Остальное можно пережить.
Не удивляйся, если закружило, —
здесь даже время держит путь по кругу.
Слышны слова.
И кровь густеет в жилах.
Обрывки снов —
да ни один не в руку.
Осколки дней.
И лиц размытый контур.
Вместо ответов — только многоточья.
И над тобой склоняющийся доктор.
И неотложка, вызванная ночью.
И обещанья: «Больше в рот ни капли!»,
презрительное: «Я-то в ваши годы…»
Любовный неудавшийся спектакль.
Билет на самолет «Москва-Минводы»
и мысль, что все мы — просто пассажиры,
но кое-кто запасся парашютом,
а наш Пилот…
Но,
если кроме шуток:
не удивляйся, если закружило.
«Глаз не отличает ферзя от пешки…»
Глаз не отличает ферзя от пешки.
Жизнь протекает в чертовской спешке —
все хаотично и все бесцельно,
как движенье молекул. Как оказалось,
вопросов больше, чем было раньше.
Ухо не слышит в мелодии фальши.
Годы степенно теряют цену.
В двери чуть слышно стучится старость.
Сумма от множества перестановок
слагаемых не изменяется. С новых
дней чередою не прибывает
в памяти мыслей. В числе последних —
мысли о том, что ты прожил между
разных эпох, что дает надежду,
ибо в истории чаще бывает:
кто пережил — тот и есть наследник.
Истины, в общем, всегда абсурдны.
Те, кто судили, — те неподсудны.
Кто забывали про всех — не забыты.
Здесь сам собою просится вывод:
написавший о старости не стареет,
даже когда тело кровь не греет.
Потому и тогда, когда окна закрыты,
остается всегда через двери выход.
Это образно, но в своей сути верно:
человек по природе уже не зверь, но
он и не Бог. Потому не вечен.
Но имеет желание, как ни странно,
просмотреть свою жизнь, как в кино, с экрана,
только вот за билет расплатиться нечем.
«Чем дольше крутить пластинку…»
Чем дольше крутить пластинку —
тем неразборчивее слова.
Дует паршивый ветер с запахом креозота.
Себя облачив в доспехи,
точно дикая татарва,
стая птиц надвигается на линию горизонта.

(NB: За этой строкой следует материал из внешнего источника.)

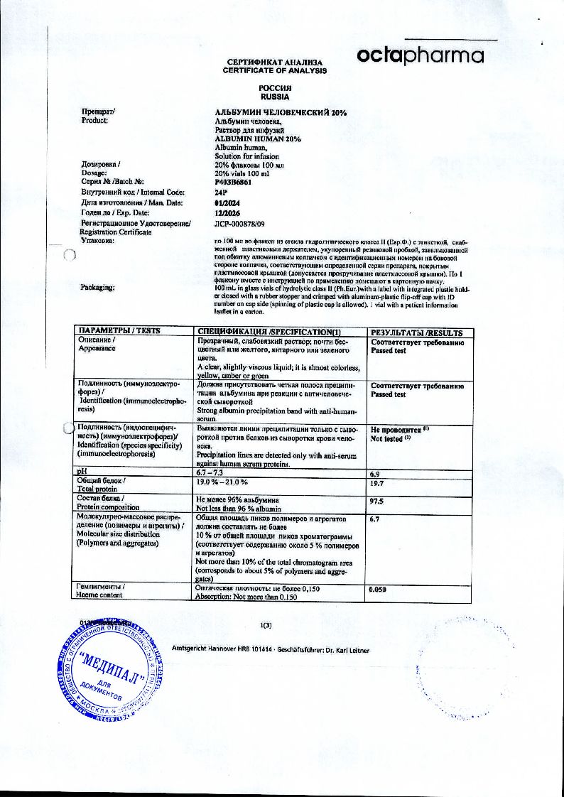 Не было сообщений о передаче вирусов с растворами альбумина, произведенными общепринятыми методами в соответствии со спецификациями Европейской Фармакопеи.

Вечер привлекателен не более,
чем от статуи отвалившаяся рука,
жизнь протекает между
«как известно» и «между прочим».
В запасе осталось довольно много
от русского языка,
только ничего из этого
не вставить в контексты строчек.
Как археолог находит радость
в откопанном ржавом ноже,
время находит радость в крушении идеалов.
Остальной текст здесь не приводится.